The recent Bank of England paper embracing post-Keynesian endogenous money creation has Steven Keen punching Paul Krugman on the nose today at locked-Business Spectator:
Stage one in the textbook money creation model is that the Fed (or the Bank of England) gives the banks additional reserves — say $100 billion worth. Then in stage two, the banks lend this to their customers, who then deposit it right back into banks, who hang on to 10 per cent of it ($10 billion) and lend the remaining $90 billion out again. This process iterates until an additional $1 trillion of deposits are created, so that the reserve ratio is restored ($1.1 trillion in reserves, $11 trillion in deposits).
This is the traditional “fractional reserve banking” model of money creation. The BOE is now arguing that:
• Rather than banks receiving deposits when households save and then lending them out, bank lending creates deposits. (p. 1)
• In normal times, the central bank does not fix the amount of money in circulation, nor is central bank money ‘multiplied up’ into more loans and deposits… (p. 1)
Keen the turns to Krugman:
I will in particular be curious to see whether Paul Krugman notes this paper, and how he reacts to it. Krugman has been the most visible and aggressive defender of the proposition that banks don’t matter, with this including throwing a haymaker at me for making the case that the Bank of England is now making.

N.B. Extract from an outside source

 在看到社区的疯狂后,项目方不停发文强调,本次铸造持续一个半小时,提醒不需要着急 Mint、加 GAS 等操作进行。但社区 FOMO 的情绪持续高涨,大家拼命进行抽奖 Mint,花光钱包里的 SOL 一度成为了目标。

…he wrote: “Banks are just another kind of financial intermediary, and the size of the banking sector — and hence the quantity of outside money — is determined by the same kinds of considerations that determine the size of, say, the mutual fund industry.”
Keen is right and Krugman is wrong. Fractional reserve banking went out with arc, except in a few places like China. Reserves don’t limit lending only capital does.

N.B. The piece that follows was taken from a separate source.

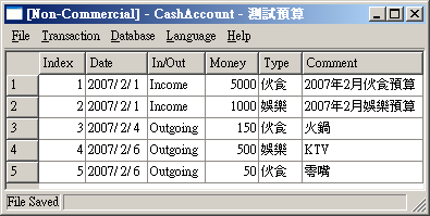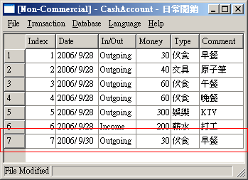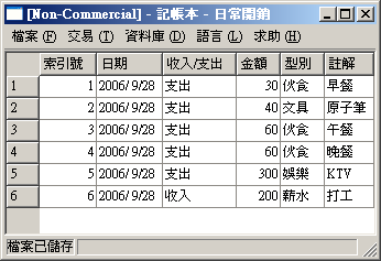 我們選擇開啟daily.cadb,開啟完如圖1-1-5所示。如此我們就可以對這筆資料庫進行交易的管理了。

How? When a bank creates a loan it also creates a deposit so, in theory, there is no limit how many loans/deposits that can be created. But there are still constraints. To prevent banks from lending infinitely against an ever declining capital base, Basel III requires them to hold a ratio of capital versus the amount of loans. Capital takes the form of long-term sub-ordinated debt, equity, reserves etc.
This is modern monetary theory (MMT) and to this point it makes perfect sense. It starts to lose its way when MMT practitioners claim that because loans create deposits and we issue our own currency, there is no limit, ever, on lending. At its most extreme this argument concludes we could have an employment guarantee because debt just doesn’t matter, ever.
The problem with this is that the economy is not closed. We exchange goods and services with other economies and they lend to our banks the capital (and equity) to expand our lending. They don’t want to be paid back in devalued currency and so they won’t lend any more if they see excessive monetary creation. Of course you could close the border and let the central bank keep lending to the banks but that’s hardly realistic.
Western banking systems are post-Keynesian but markets are monetarist.